Information provided.
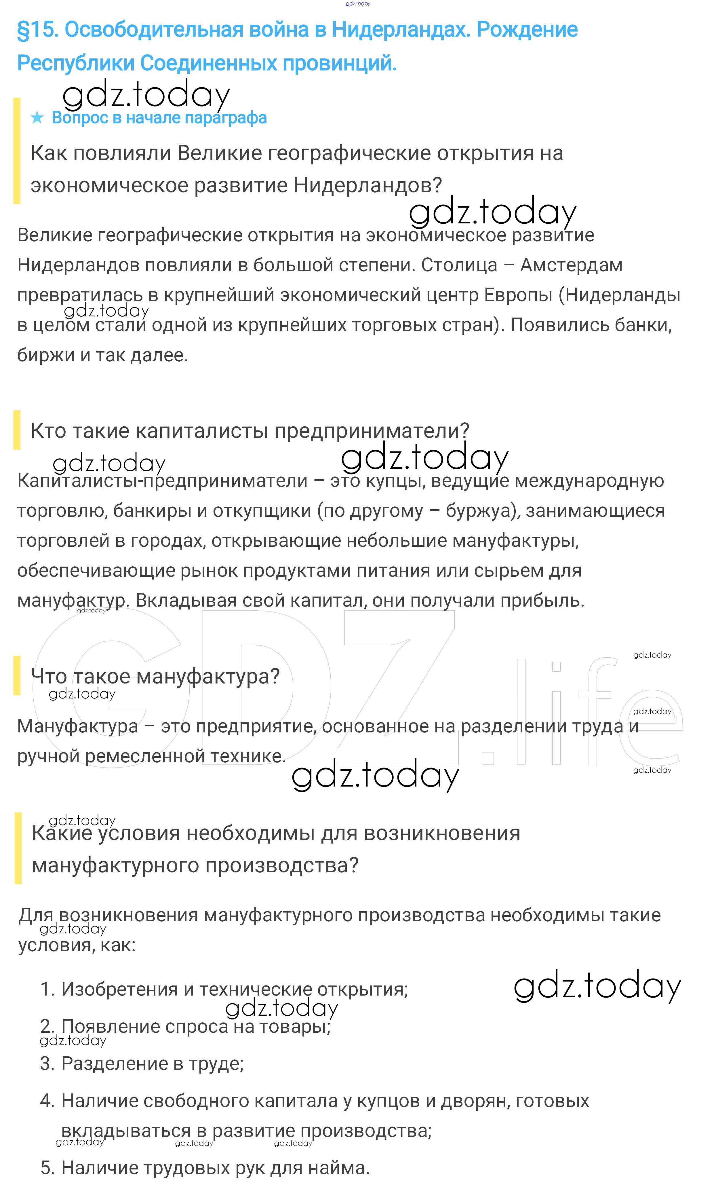 На страницах сайта gdz.today вы найдете учебный и вспомогательный материал, направленный на улучшения знаний школьной программы. ГДЗ - онлайн мир знаний Параграфы (решение) 15 Учебнику по Всеобщей истории для 7 класса Юдовская, Баранов Просвещение 2014
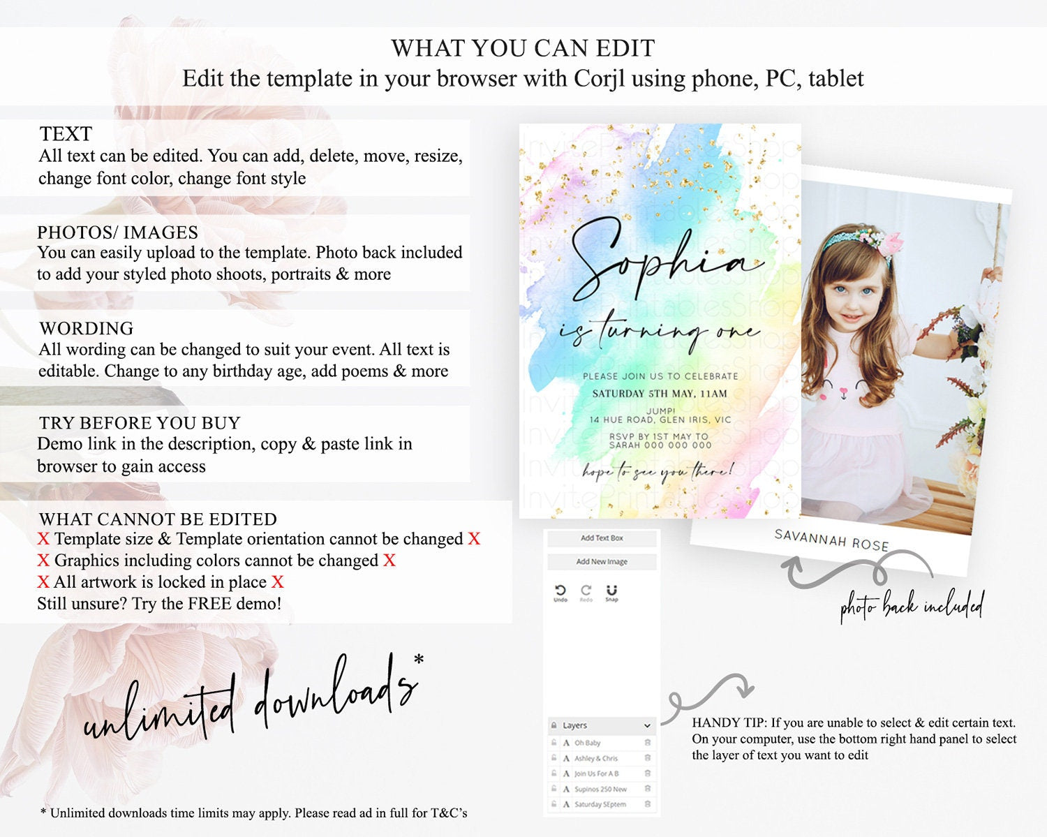 • After purchase, Corjl emails your editing link. Allow up to 15 minutes for delivery.
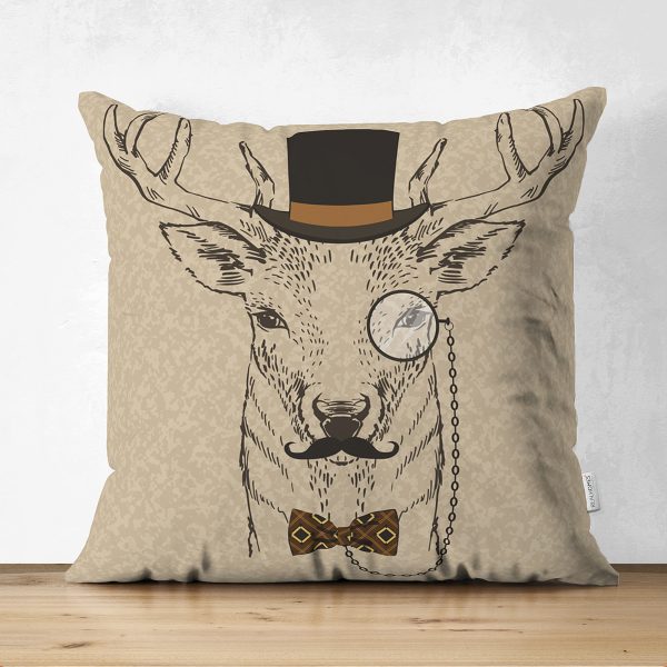 Çift Taraflı Geyik Desenli Dijital Baskılı Dekoratif Süet Yastık Kırlent Kılıfı
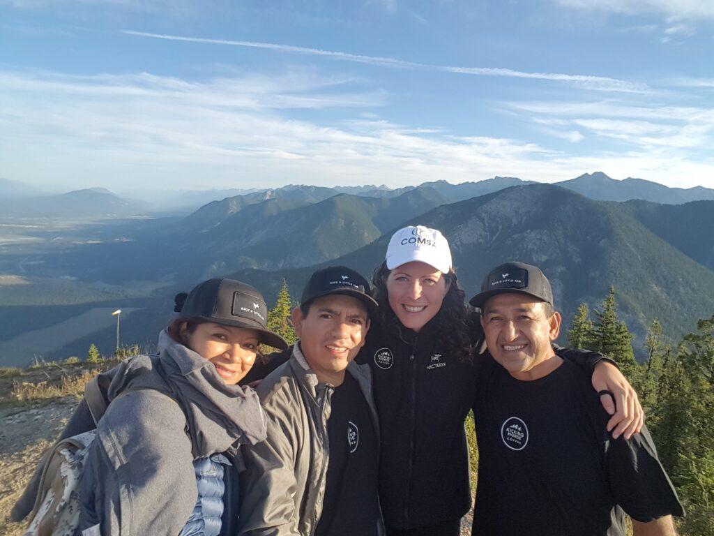 Three general managers of Fairtrade cooperatives visit the Kicking Horse Coffee team in Invermere, British Columbia. (Left to right) Griselda from UCASJRC in Nicaragua, Javier from Sol y Café in Peru, Maddie from Kicking Horse Coffee, and Rodolfo from COMSA in Honduras. The visit was a great opportunity to have the general managers learn from each other’s challenges and learnings and for everyone to cup and calibrate on quality.

Activity.
Quote the data above in full, leaving out the pictures it holds.

Exercise solution.
 На страницах сайта gdz.today вы найдете учебный и вспомогательный материал, направленный на улучшения знаний школьной программы. ГДЗ - онлайн мир знаний Параграфы (решение) 15 Учебнику по Всеобщей истории для 7 класса Юдовская, Баранов Просвещение 2014
 • After purchase, Corjl emails your editing link. Allow up to 15 minutes for delivery.
 Çift Taraflı Geyik Desenli Dijital Baskılı Dekoratif Süet Yastık Kırlent Kılıfı
 Three general managers of Fairtrade cooperatives visit the Kicking Horse Coffee team in Invermere, British Columbia. (Left to right) Griselda from UCASJRC in Nicaragua, Javier from Sol y Café in Peru, Maddie from Kicking Horse Coffee, and Rodolfo from COMSA in Honduras. The visit was a great opportunity to have the general managers learn from each other’s challenges and learnings and for everyone to cup and calibrate on quality.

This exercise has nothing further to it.